Separado em vários capítulos, o livro organiza bem as informações, abrangendo diversos assuntos, para o tema proposto iniciaremos pelo capítulo X, DA LEI DE LIBERDADE. Da pergunta de número 825 até a 872 é abordado a liberdade e as consequências dela, informando que a liberdade absoluta não existe, desde que exista outra pessoa a se relacionar, findando nos direitos do próximo, para dar um pequeno exemplo, se você desejar usar da sua liberdade, e atear fogo para uma limpeza pré-plantio, e existindo outro ser humano no mesmo local, o mesmo poderá ser afetado, logo você não é totalmente livre para fazer isto, visto que irá violar a o direito do seu próximo, falaremos deste ponto comentando a lei de justiça.
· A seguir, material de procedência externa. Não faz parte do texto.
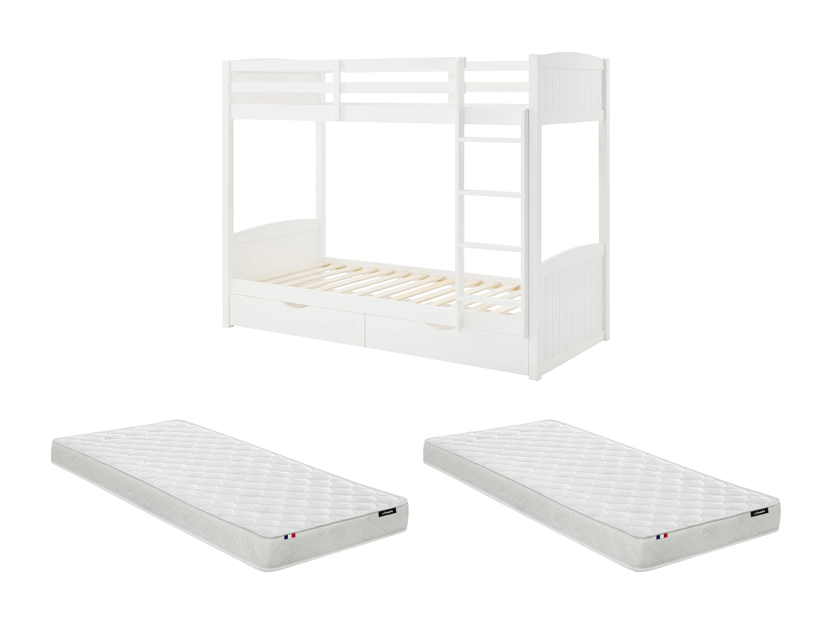 Lits superposés 2 x 90 x 200 cm - 2 tiroirs - Pin et MDF - Blanc + Matelas - LIMODARA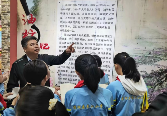 他们带领学生走进京杭运河和油坊码头遗址,让学生实地了解世界上最大的人工运河前世今生,考察古运河文化遗存,让学生在家乡的历史遗迹、风俗习惯、方言俚语里收集资料、编排整理、展示交流、探究评价,挖掘家乡文化里的家国情怀,亲切触摸家乡历史,学习家乡历史的优良传统和厚重文化,激发学生强烈的民族自豪感和自信心。

Neste mesmo capítulo é abordado a escravidão, apontando como uma aberração à lei natural (Lei Divina), e que irá desaparecer gradualmente, conforme o progresso da sociedade se efetua. Também é discutido sobre a liberdade de consciência e de credo, deixando também bem claro a liberdade de todos para com elas.

O capítulo subsequente aborda diretamente a Lei de Justiça, mostrando nele que a mesma é uma lei natural, e este é um sentimento inato do homem, entretanto é questionado porquê os homens entendem a mesma de modos tão diferentes, e de pronto é respondido que misturam paixões que alteram este conceito, dando uma falsa opinião de justiça, porém à partir do momento em que se propõe a buscar a verdadeira justiça, o livro traz o conceito central da justiça defendida pelo libertarianismo:

875. Como podemos definir a justiça?
- “A justiça consiste em cada um respeitar os direitos dos demais.”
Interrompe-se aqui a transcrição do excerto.